Лена знала таких женщин. Особенно много видела в провинции, когда приезжала к родителям Володи, да и соседки по дому — словно родные сестры Анны Ильиничны. Они давно махнули на себя рукой, не следили за туалетами и прическами, перманентно находясь в схватке с жизнью: с вечным безденежьем, перелатыванием старых платьев, в думах о запасах картошки и капусты в сезон, жесткой экономии на модную кофточку для дочери-подростка или джинсов для сына, — эти женщины старели стремительно и обрастали защитной оболочкой из грубости, сварливости, колючести. Если боец находится на передовой, в тыл — только при ранении, он вынужден поддерживать постоянную боевую готовность. Не исключено, что и Лена Соболева превратилась бы в такую же луковицу — ковырни, заплачешь, не подвернись ей денежная и необременительная работа или муж с меньшей, чем у Володи, ответственностью перед семьей.

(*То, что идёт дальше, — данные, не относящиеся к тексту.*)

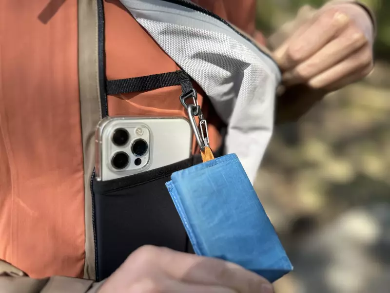 メッシュポケットはストレッチ性が高いのでスマートフォンを収納して固定しておくことが可能で、僕が持っているiPhone14Proを無理なくストレッチポケットの中に入れることができます。

— Дайте мне три минуты! — попросила Лена. — Послушайте!

И она принялась быстро рассказывать Анне Ильиничне о своем патентном бюро, о Канарейкине и о том, как честные изобретатели страдают от его коварства.

— Что платят за изобретение? — спросила Анна Ильинична, когда Лена замолкла.

— Сто минимальных зарплат, — на чистом глазу соврала Лена.

— Холера им в печенку! — ругнулась Анна Ильинична. — Минимальная — это моя. Коту на минтай не хватает. Пошли. Какие, говоришь, тебе нужны года?

Лена рылась в бумагах до вечера, нашла еще три ворованных изобретения. Анна Ильинична как бы не замечала Лену, только на вопросы, где что находится, отвечала и показывала. Но когда они выходили из здания архива, сказала:

— Приходи завтра, доведи уж до конца.

Лена пять дней ездила в архив, как на работу. В свое бюро заглядывала рано утром, когда точно не могла столкнуться с Булкиным. Искала в разгроме нужные документы и убегала.

Анна Ильинична постепенно привыкла к Лене.

В первый день Анна Ильинична смотрела на Лену как на постороннюю. На второй день принесла откуда-то удобную стремянку, вместо той, с которой Лена опасалась грохнуться.

На третий день Анна Ильинична позволила для убыстрения работы не ставить вытащенные папки на место — сама потом уберет. Последние два дня Анна Ильинична полностью посвятила Лене и ее поискам.

Тот же процесс наблюдался и во время их обеденного перерыва. Вначале Анна Ильинична решительно отказывалась от Лениных бутербродов и пирогов. Потом согласилась попробовать маленький расстегайчик с визигой, похвалила и дала толковый совет, как можно дешевую рыбу путем припаривания и окрашивания морковным соком замаскировать под благородный лосось. В последний день Анна Ильинична от торта, принесенного Леной, не отказывалась и даже согласилась взять оставшийся кусок домой.

Как бы реагировала Лена, если бы какая-нибудь известная личность, вроде телеведущей или модной актрисы, вдруг прониклась к ней, Лене, сердечным расположением, она не знала. Да и какое дело знаменитостям до нее?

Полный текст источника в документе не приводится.